# New fantasy stuff from Scibor



## Midge913 (Oct 21, 2010)

So I was floating around Scibor's site this weekend and came across and entire page of newly released fantasy stuff from him. 










Moscals General on a War Bull. The Moscals are Scibor's version of Chaos Dwarfs.










Chaos Snails










Dwarf Chief, Slaughterer, Reveller, and Robber. These guys are available individually or as a bowed set at considerable savings. 










Dwarf General with Standard on War Bear










Finally a brand new Rat Warrior.


----------



## Zodd (Jul 27, 2009)

Nice update. Especially the War Bull. That's a very impressive model imo.


----------



## GrizBe (May 12, 2010)

Maybe its the paintjobs, but I don't like any of those models.


----------



## Usaal (Apr 9, 2008)

I dont understand the warbull with wings and far too many scars to not be Nurgle...
The Bear looks like it could be interesting though. They are some interesting models for sure.


----------



## bitsandkits (Mar 18, 2008)

Some very nice models, like the dwarves alot, i dont like GW dwarves much but these are nice, the bear looks good, not keen on the bull, all in all some nice generic fantasy stuff thats close enough to GW style to mix in but not get scibor a day in court.


----------



## Codex Todd (Mar 22, 2009)

Loving the snails  gonna have to get some for my nurgle inspired inquisitor retinue, haven't a clue who or what they will represent yet, but they'll look cool!!!


----------



## Midge913 (Oct 21, 2010)

GrizBe said:


> Maybe its the paintjobs, but I don't like any of those models.


I know what you mean. I am not a fan of his official paint jobs, but having ordered a couple of his models, including one of the warbears, they look really nice unpainted. 



Usaal said:


> I dont understand the warbull with wings and far too many scars to not be Nurgle...
> The Bear looks like it could be interesting though. They are some interesting models for sure.


His Moscals like is supposed to represent Chaos Dwarves and it wouldn't be a far stretch, seeing some of the obviously nurglesque stuff he does, that the Bull would represent some sort of mark of Nurgle. 

I have one of his generals on a bear and I am using it as a Counts as Thorgrim and I absolutely love the scuplt. 



bitsandkits said:


> Some very nice models, like the dwarves alot, i dont like GW dwarves much but these are nice, the bear looks good, not keen on the bull, all in all some nice generic fantasy stuff thats close enough to GW style to mix in but not get scibor a day in court.


My opinion exactly. I am not a fan of most of his Sci-fi stuff, but the fantasy stuff, the dwarves especially are really nice. I have a couple of them handing in the wings for my own Dwarf army and they fit in really well. 

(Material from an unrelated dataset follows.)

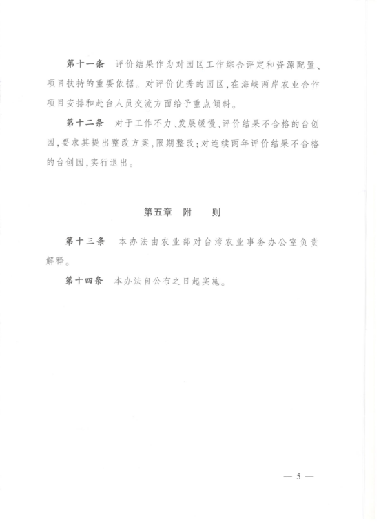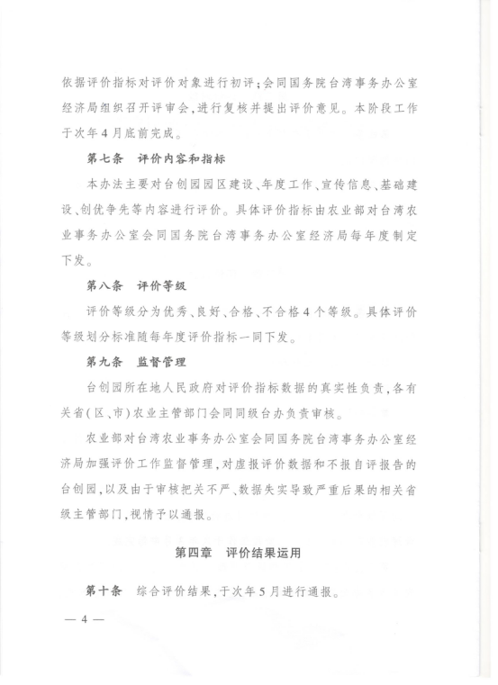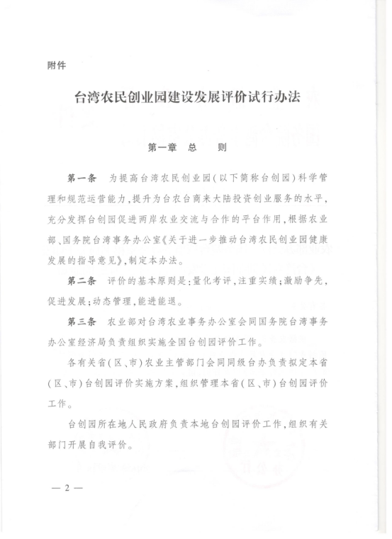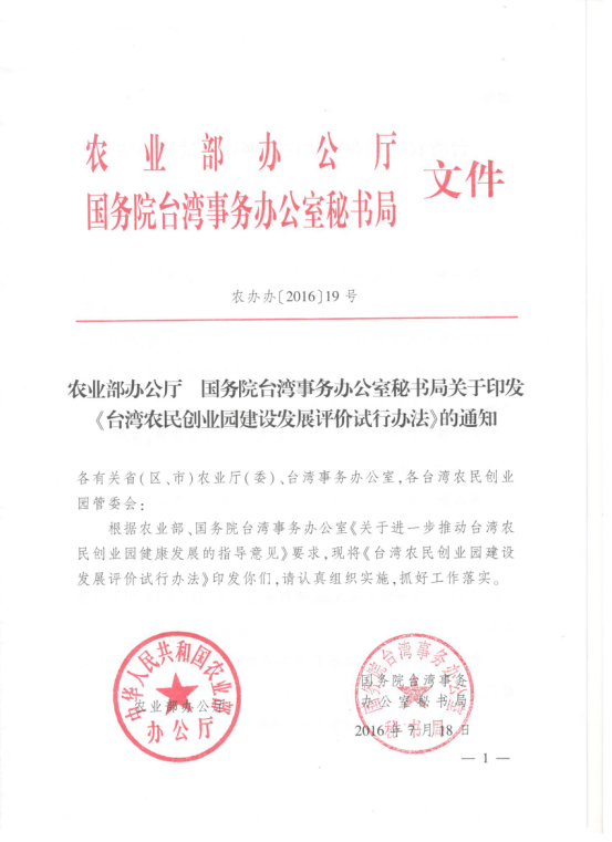 關於印發《台灣農民創業園建設發展評價試行辦法》的通知

Personally I am really interested to see if he continues to expand his line of Rat Warriors.


----------



## Hammer49 (Feb 12, 2011)

Models look pretty good.


----------



## Exile13 (Mar 14, 2011)

Some really great stuff, not impressed with the rat though, It reminds me too much of the ancient GW rats. It's not bad, it just looks like he didn't put much effort into it.


----------



## elmir (Apr 14, 2011)

I'm sorry, but that "warbear" look more like a guinea pig then an actual bear to me... :s

The warbull looks too beat up to my liking. I'm not really impressed by the ratwarrior either, but I do like the dwarf models on foot and the chaos snails.


----------